My Grandmother has never in my life told me that she loves me, at least not in words.  In her actions, she has told me she loves me more than I can ever imagine.  The other day, she told me that she didn’t love me, but she was going to put her foot down when it comes to me going to Africa in the summer.  She will not let me go because there is no way for her to know that I am okay.  In this way, she reminds me of Mamie in “Dogs in a Pack.”    Mamie, the strong-willed widow and mother of three girls, who holds two would-be rapist at bay, never shows any emotion towards her children, but her actions, protecting them with all she has, tells more than words.  Like a mother hen, Mamie keeps her girls under a close watch.  She knows the men may try something later on and decides that if her daughters “don’t come soon, she’ll go after them” ( “Dogs” 2).  Though there was no need for it, she would no doubt have killed Cowboy and Minit Man, the convicts who want to rape Mamie’s girls, but are side-tracked by the torture they are put through by them, if she had no choice.  My Grandmother, without a doubt, will do anything, and has done everything, to show her family how much she cares, without having to compromise her pride in the process. 

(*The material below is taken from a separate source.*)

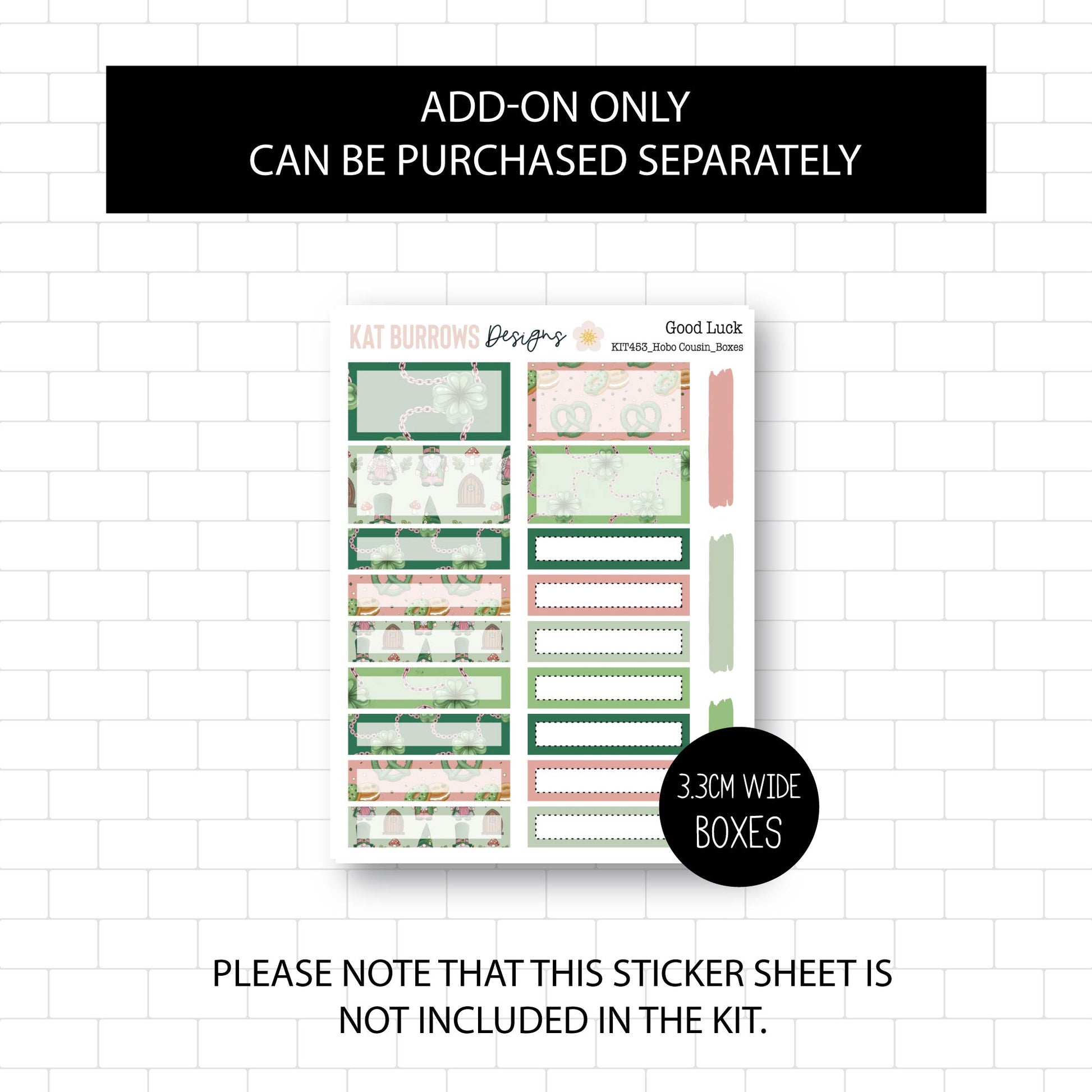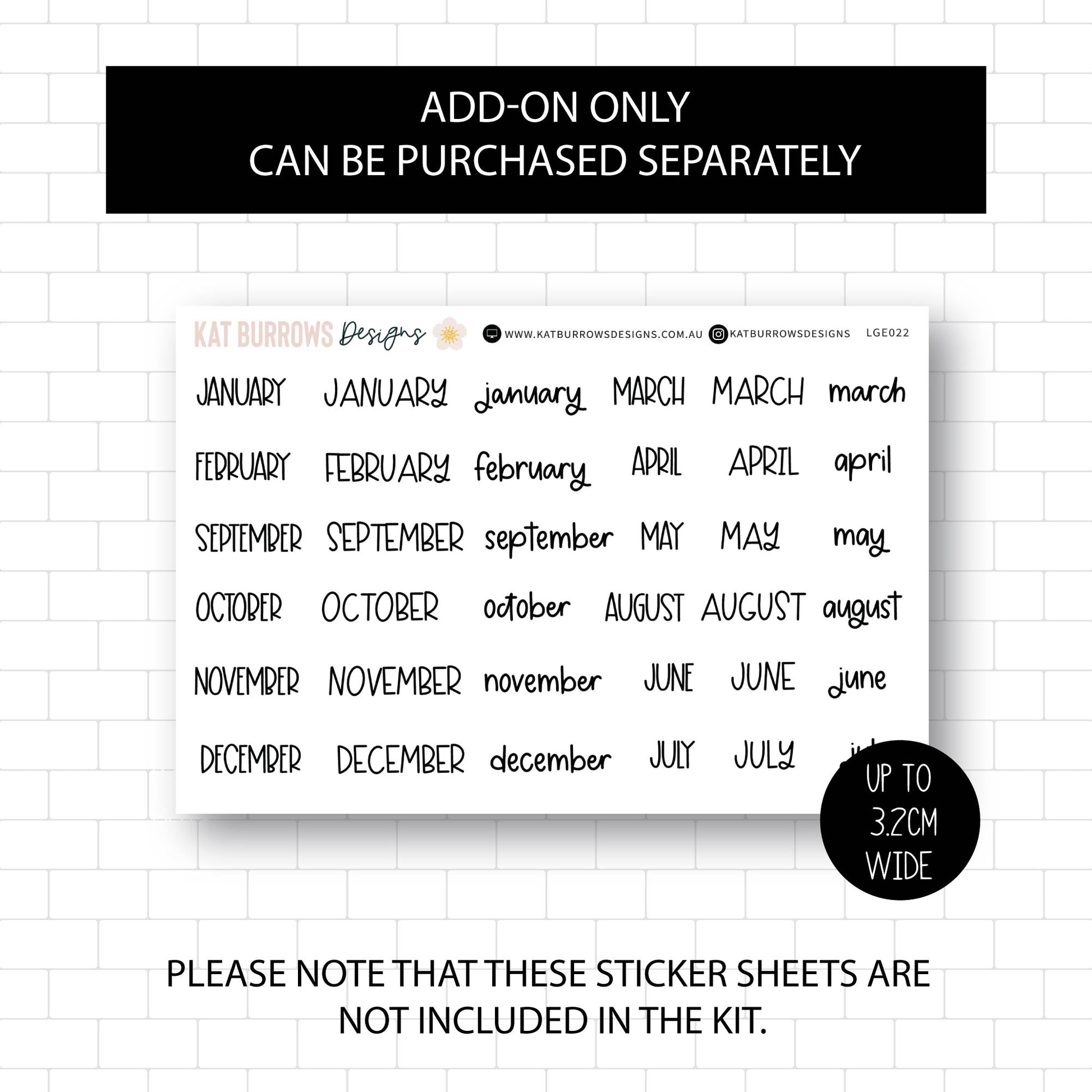 This Kit contains 1 sticker sheet. There is also an add-on option to purchase the Months of the Year Sticker Sheet and extra Boxes Sticker Sheet.

Janice Daugharty writes about the South and the people who live here.  The women characters in the stories are the most prominent because they represent certain qualities of strong Southern women.  Everyone, no matter where he lives, has someone in his life who is represented in one of the stories.  My Grandmother is the most prominent figure in my life and I see her in any Southern writers works because, my Grandmother is part of my regional identity.  She, like Gransallie, Mamie, and Miss Sara, are strong Southern women.  They show pride, caring, nurturing, and strong-mindedness associated with the Southern woman.  Janice Daugharty paints a wonderful picture of who a Southern woman is and what she stands for.

 

 

 

 

 

 

 

 

 

Works Cited

Daugharty, Janice.  “Amazing Grace.”  Going Through the Change.  New York: Ontario Review Press, 1994.  52-65.

- - -.  “Dogs in a Pack.”  Going Through the Change.  New York: Ontario Review Press, 1994.  1-14.

- - -.  “Living Lessons.”  Going Through the Change.  New York: Ontario Review Press, 1994.  185-200.

- - -.  “Looking to Miss Sara.”  Going Through the Change.  New York: Ontario Review Press, 1994.  100-109.

Hollingsworth, Linda P, “Reviews.”  Rev. of Going Through the Change, by Janice Daugharty.  Studies in Short Fiction 2003: 300.